Python has its own special flavor of this problem. The requests library uses certifi for its CA bundle, which is completely separate from the system CA store. So even if your OS trusts the cert, Python might not. You can point it at the system store with:

export REQUESTS_CA_BUNDLE=/etc/ssl/certs/ca-certificates.crt

Or in code:

import requests
requests.get("https://internal-api.example.com", verify="/path/to/ca-bundle.crt")

Node.js has the same issue. By default, it uses a compiled-in CA bundle. For custom CAs:

export NODE_EXTRA_CA_CERTS=/path/to/my-ca.crt

The "it was working yesterday" checklist

When something that was working suddenly breaks, skip the deep debugging and check these first. In order of likelihood:

Certificate expired. Check with openssl x509 -noout -dates. Let's Encrypt certs last 90 days. If auto-renewal failed silently, this is your answer.
CA root or intermediate rotated. Let's Encrypt switched from DST Root CA X3 to ISRG Root X1 and it broke a shocking number of things. CAs do rotate, and old clients with stale trust stores get left behind.
Someone changed the server config. Check git blame on your Nginx/Apache config. Someone "optimizing" TLS settings is a classic.
DNS changed. If DNS now points to a different IP, you might be hitting a different server that doesn't have the right cert. Basic, but I've seen it.
Client updated. A new version of Chrome, curl, or your HTTP library tightened its requirements. Happened when Chrome started enforcing Certificate Transparency; certs without SCTs suddenly stopped working.
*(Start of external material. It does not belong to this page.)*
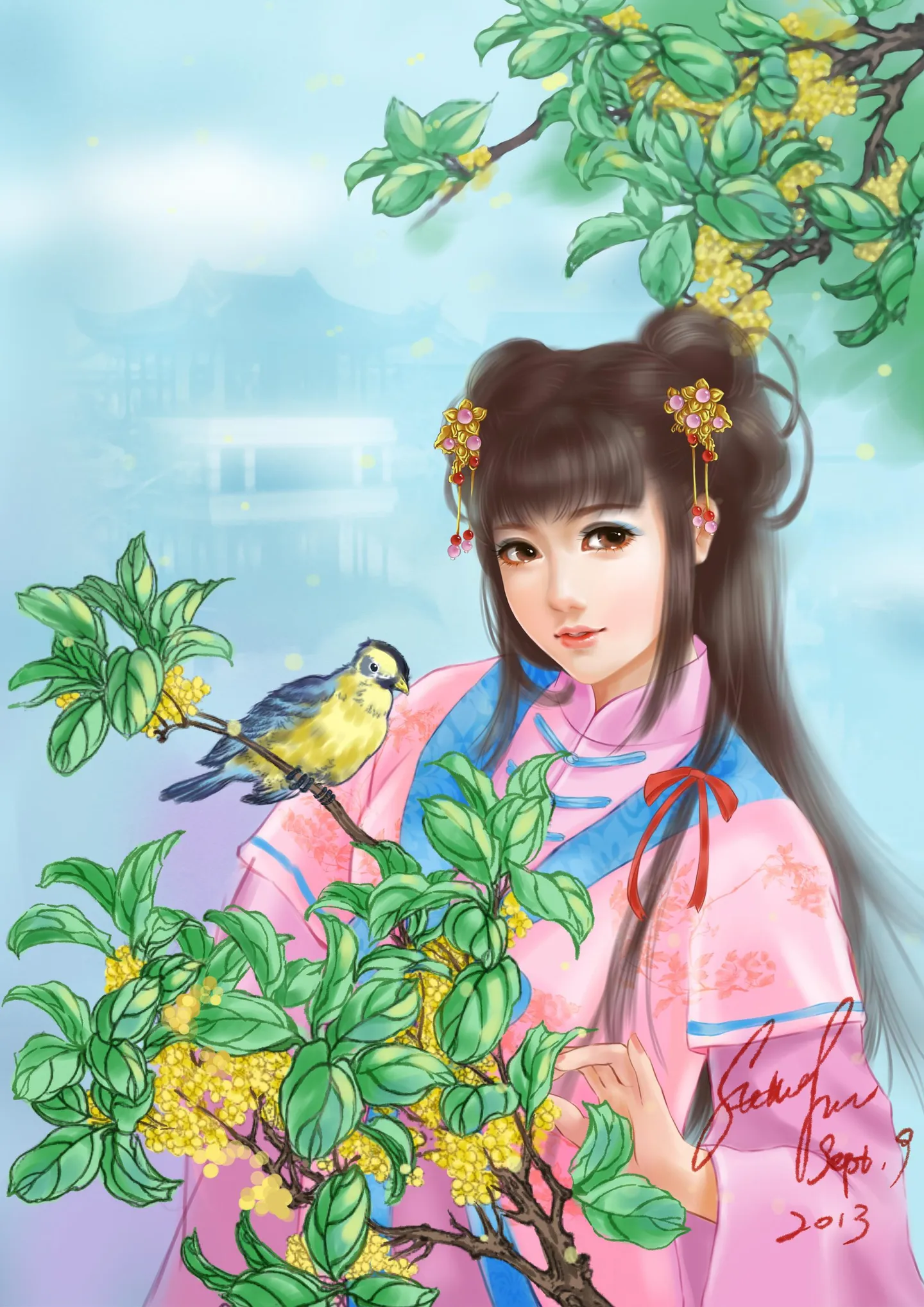 妹子很可耐啊,就是叶子的色看起来有点脏了,很不错

Stop guessing, start capturing

When nothing else works, packet capture. I know, it sounds like overkill. It's not. A 10 second tcpdump will tell you exactly where the handshake fails.

sudo tcpdump -i eth0 -w /tmp/tls-debug.pcap 'port 443' &
# reproduce the error
kill %1
# open in Wireshark, filter: tls.handshake

Look at the ClientHello, the ServerHello (if there is one), and where the connection drops. If the server sends back a fatal alert, the alert description code tells you exactly what went wrong. Alert 40 is handshake failure. Alert 42 is bad certificate. Alert 48 is unknown CA. These codes are defined in RFC 5246 and they're actually useful, unlike browser error pages.

TLS debugging isn't glamorous work. But getting good at it means you're the person on the team who can actually fix the 3 AM outage instead of just staring at it. And honestly, once you've seen enough of these failures, most of them become obvious within a couple minutes. The trick is building that pattern recognition, and not trusting browsers to tell you the whole story.